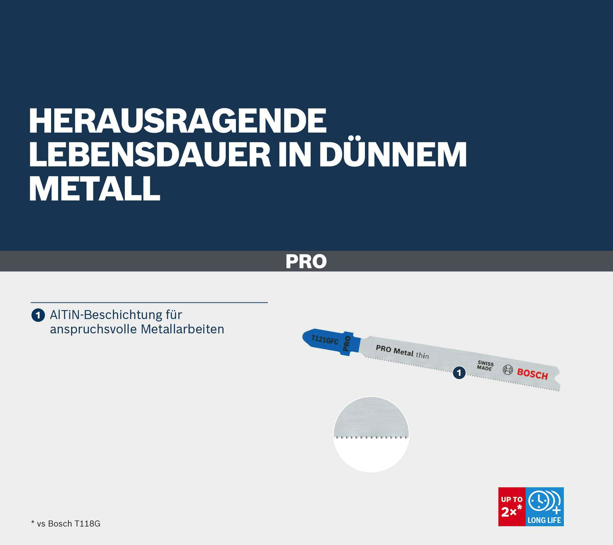 Herausragende Lebensdauer in dünnem Metall! AlTiN-Beschichtung für anspruchsvolle Metallarbeiten Bist du Metallarbeiter und suchst ein starkes und langlebiges Stichsägeblatt zum Schneiden dünner Metallbleche? Dann ist das PRO Metal thin T121GFC die richtige Wahl. Wir haben die Zähne mit einer Beschichtung verstärkt, um sicherzustellen, dass sie Hitze und Oxidation widerstehen. Damit kannst du gerade Schnitte in dünnem Blech erzielen immer und immer wieder.
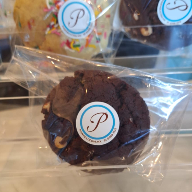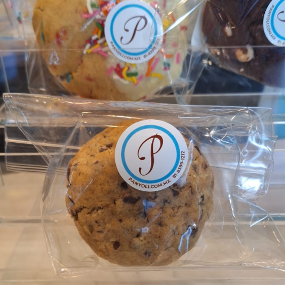 Galleta horneada de sabor vainilla. con una textura suave por dentro y ligeramente crujiente por fuera, y con relleno de chispas de chocolate para un contraste dulce y cremoso.
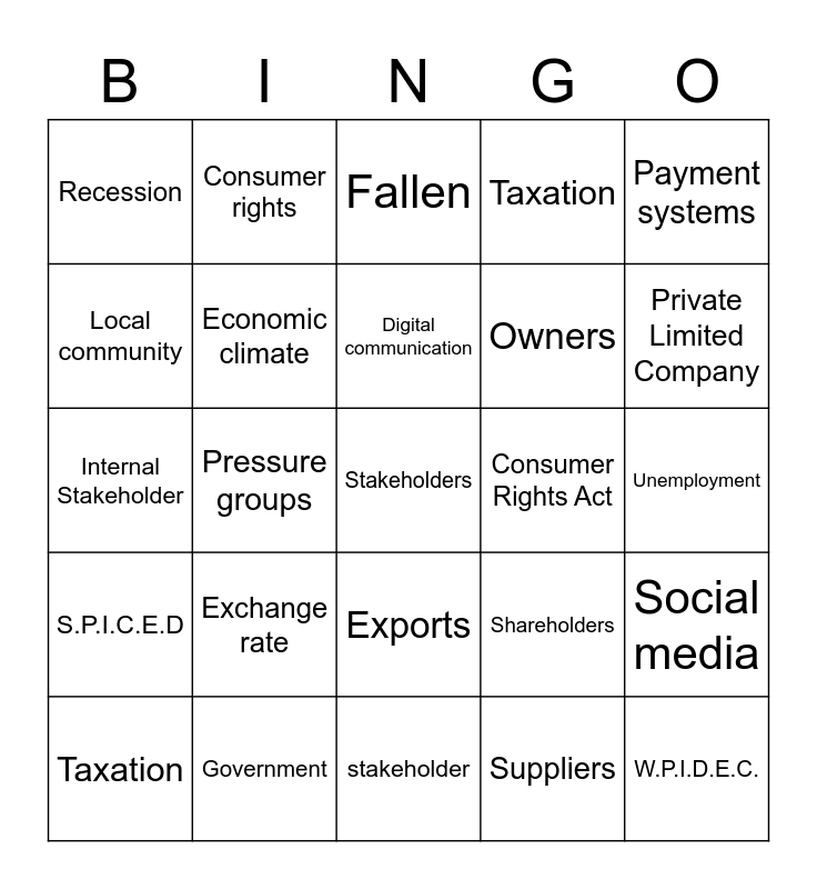 This bingo card has 37 words: Free!, Consumer incomes, E-commerce, Economic climate, Social media, Exchange rate, Digital communication, Inflation, Payment systems, Interest rate, Pressure groups, Taxation, Stakeholders, Unemployment, Local community, S.P.I.C.E.D, Consumer spending, Fallen, Exports, Consumer Rights Act, Recession, Private Limited Company, Taxation, stakeholder, Consumer law, Suppliers, Consumer rights, Legislation, Income Tax, Corporation Tax, Value Added tax, Government, Internal Stakeholder, W.P.I.D.E.C., Shareholders, Owners and Dividend.
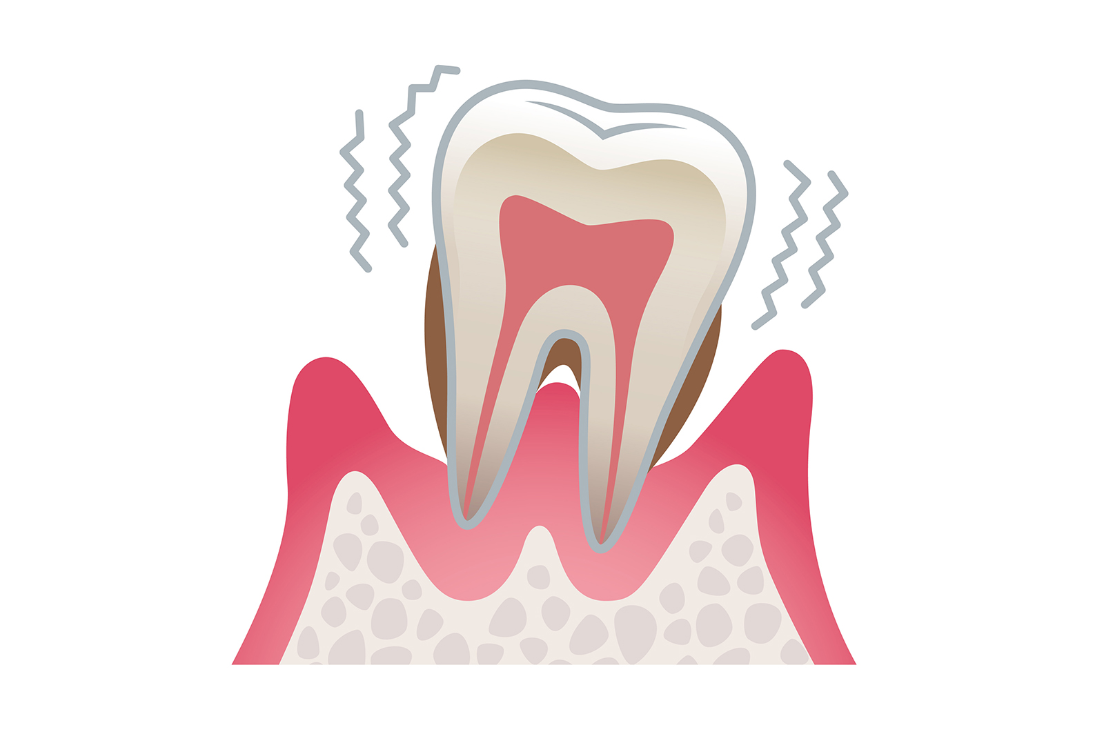 歯周病です。特に病状が進行すると、歯を支える骨が溶けることで、最終的には歯が抜けてしまう危険性があります。一部の歯科医院では、状況に応じて抜歯を選択する場合があります。
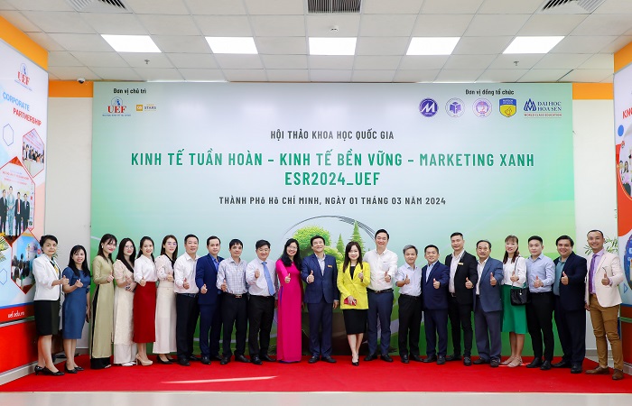 Sáng ngày 01/3/2024 Trường Đại học Tài chính – Marketing (UFM) phối hợp với Trường Đại học Kinh tế - Tài chính Thành phố Hồ Chí Minh (UEF), Trường Đại học Công nghệ Thành phố Hồ Chí Minh, Trường Đại học Công Thương Thành phố Hồ Chí Minh, Trường Đại học Hoa Sen và Trường Đại học Kinh tế quốc dân đồng tổ chức Hội thảo quốc gia với chủ đề “Kinh tế tuần hoàn, kinh tế bền vững, Marketing xanh (ESR2024)”, được tổ chức tại UEF.
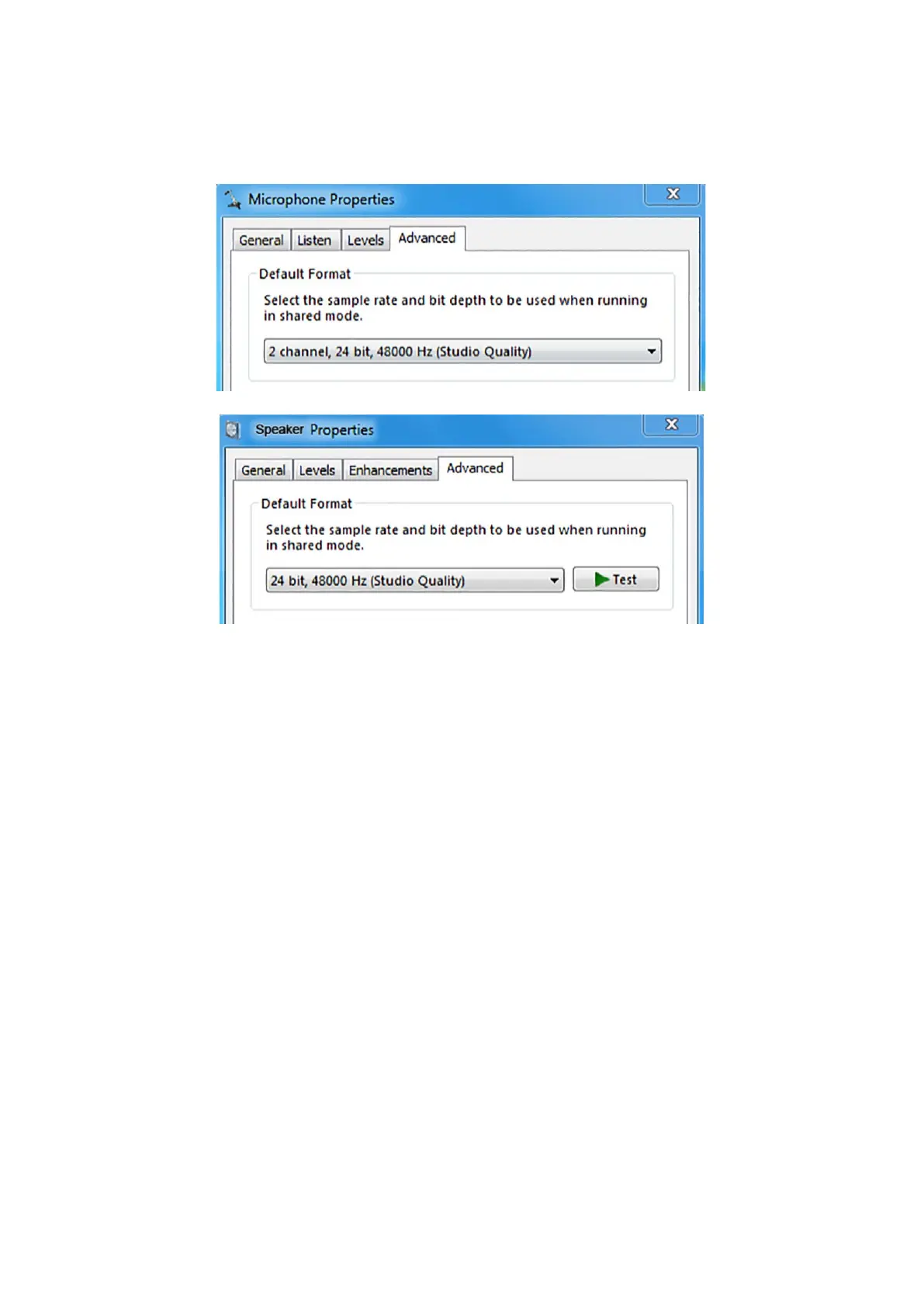 Please make sure to set up both of microphone and speaker to "24 bit, 48000 Hz (Studio Quality)"
────────────────
**Assignment**
Please transcribe word for word the lines from the one bearing "Sáng ngày 01/3/2024" through the last line of the records above, omitting the pictures.

**Answer to this task**
 Sáng ngày 01/3/2024 Trường Đại học Tài chính – Marketing (UFM) phối hợp với Trường Đại học Kinh tế - Tài chính Thành phố Hồ Chí Minh (UEF), Trường Đại học Công nghệ Thành phố Hồ Chí Minh, Trường Đại học Công Thương Thành phố Hồ Chí Minh, Trường Đại học Hoa Sen và Trường Đại học Kinh tế quốc dân đồng tổ chức Hội thảo quốc gia với chủ đề “Kinh tế tuần hoàn, kinh tế bền vững, Marketing xanh (ESR2024)”, được tổ chức tại UEF.
 Please make sure to set up both of microphone and speaker to "24 bit, 48000 Hz (Studio Quality)"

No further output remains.